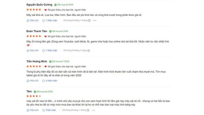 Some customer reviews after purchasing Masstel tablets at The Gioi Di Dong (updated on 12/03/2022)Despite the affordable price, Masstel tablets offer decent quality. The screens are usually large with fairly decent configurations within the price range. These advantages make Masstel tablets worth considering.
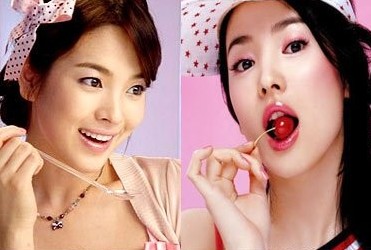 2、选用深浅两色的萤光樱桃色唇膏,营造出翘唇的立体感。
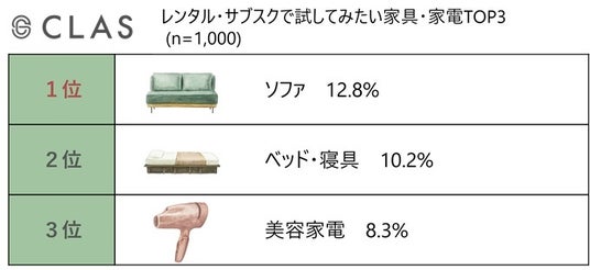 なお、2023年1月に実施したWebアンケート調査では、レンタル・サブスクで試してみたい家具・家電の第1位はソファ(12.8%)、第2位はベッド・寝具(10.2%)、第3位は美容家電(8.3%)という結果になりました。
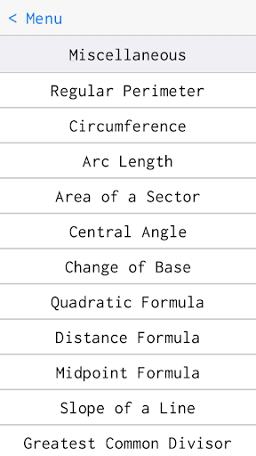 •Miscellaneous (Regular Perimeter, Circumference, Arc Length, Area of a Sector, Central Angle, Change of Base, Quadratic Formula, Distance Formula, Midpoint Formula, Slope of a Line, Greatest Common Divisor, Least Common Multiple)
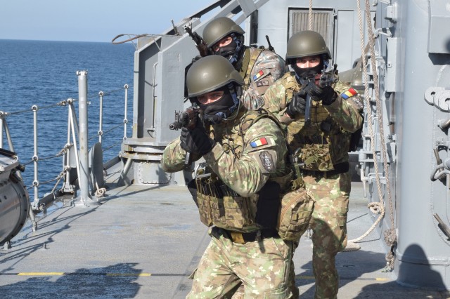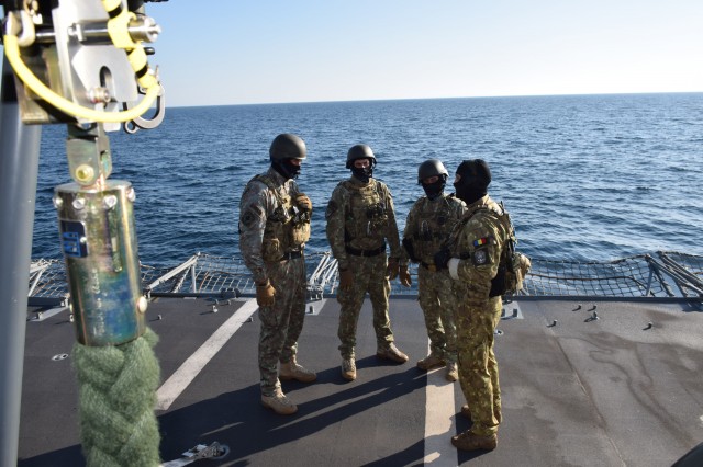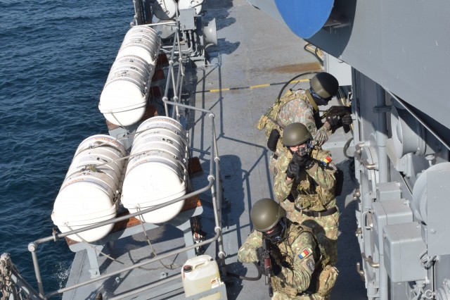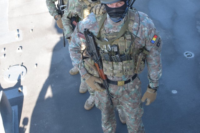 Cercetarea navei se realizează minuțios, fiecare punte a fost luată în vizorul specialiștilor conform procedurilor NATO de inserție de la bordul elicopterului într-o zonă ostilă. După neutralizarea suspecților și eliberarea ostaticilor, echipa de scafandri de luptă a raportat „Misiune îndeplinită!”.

*-*-*

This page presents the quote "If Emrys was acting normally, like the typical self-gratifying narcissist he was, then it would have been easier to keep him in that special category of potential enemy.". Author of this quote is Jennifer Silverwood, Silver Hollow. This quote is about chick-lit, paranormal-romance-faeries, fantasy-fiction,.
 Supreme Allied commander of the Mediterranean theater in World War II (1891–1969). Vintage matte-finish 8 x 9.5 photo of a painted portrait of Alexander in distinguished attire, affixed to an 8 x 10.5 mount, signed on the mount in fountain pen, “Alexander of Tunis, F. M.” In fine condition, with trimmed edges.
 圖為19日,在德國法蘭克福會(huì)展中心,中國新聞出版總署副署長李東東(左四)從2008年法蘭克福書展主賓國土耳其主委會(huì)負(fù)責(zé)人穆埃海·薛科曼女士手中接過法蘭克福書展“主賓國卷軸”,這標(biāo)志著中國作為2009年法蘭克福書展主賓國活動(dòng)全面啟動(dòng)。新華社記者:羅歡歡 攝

*-*-*

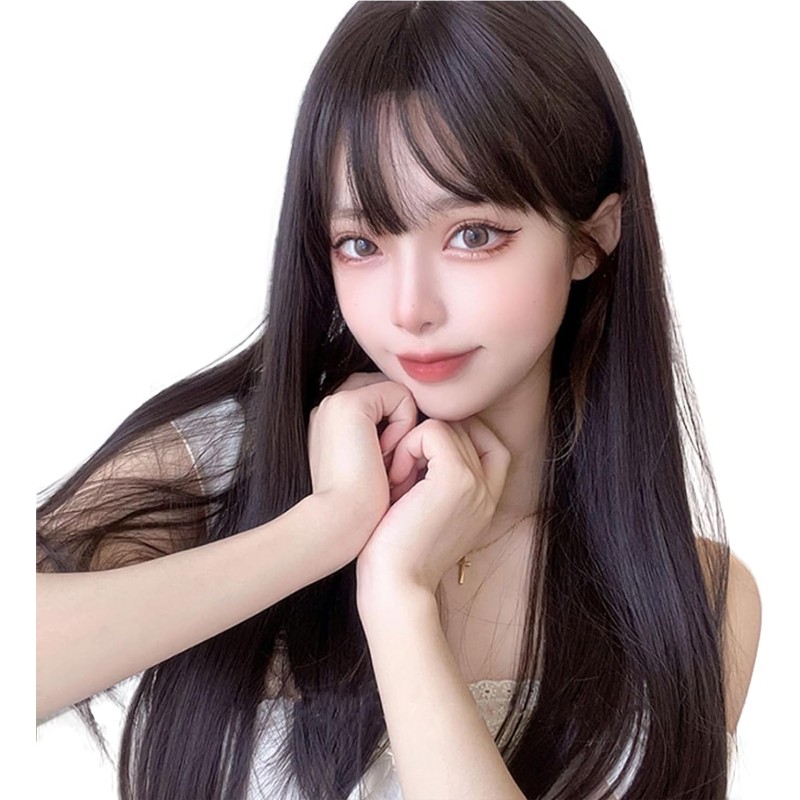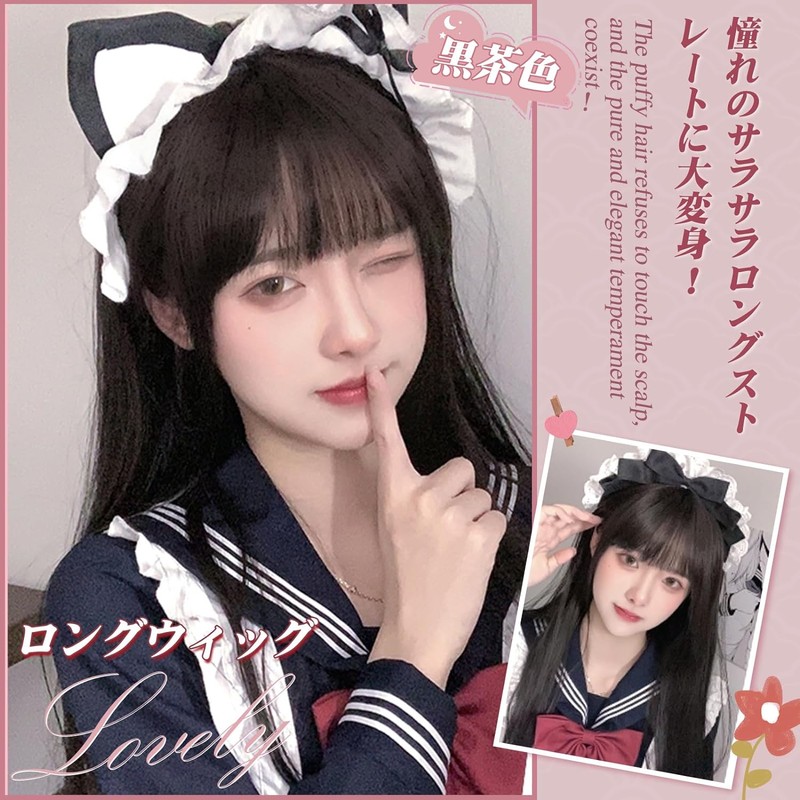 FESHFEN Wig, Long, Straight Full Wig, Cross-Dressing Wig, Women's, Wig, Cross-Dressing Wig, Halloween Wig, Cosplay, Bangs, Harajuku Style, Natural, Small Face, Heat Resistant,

*-*-*

> _Your task_:
From the records above, copy only the lines running from the line holding "なお、2023年1月に実施し" through the line holding "Cercetarea navei se", with no pictures.

> _Output of the exercise_:
 なお、2023年1月に実施したWebアンケート調査では、レンタル・サブスクで試してみたい家具・家電の第1位はソファ(12.8%)、第2位はベッド・寝具(10.2%)、第3位は美容家電(8.3%)という結果になりました。
 •Miscellaneous (Regular Perimeter, Circumference, Arc Length, Area of a Sector, Central Angle, Change of Base, Quadratic Formula, Distance Formula, Midpoint Formula, Slope of a Line, Greatest Common Divisor, Least Common Multiple)
 Cercetarea navei se realizează minuțios, fiecare punte a fost luată în vizorul specialiștilor conform procedurilor NATO de inserție de la bordul elicopterului într-o zonă ostilă. După neutralizarea suspecților și eliberarea ostaticilor, echipa de scafandri de luptă a raportat „Misiune îndeplinită!”.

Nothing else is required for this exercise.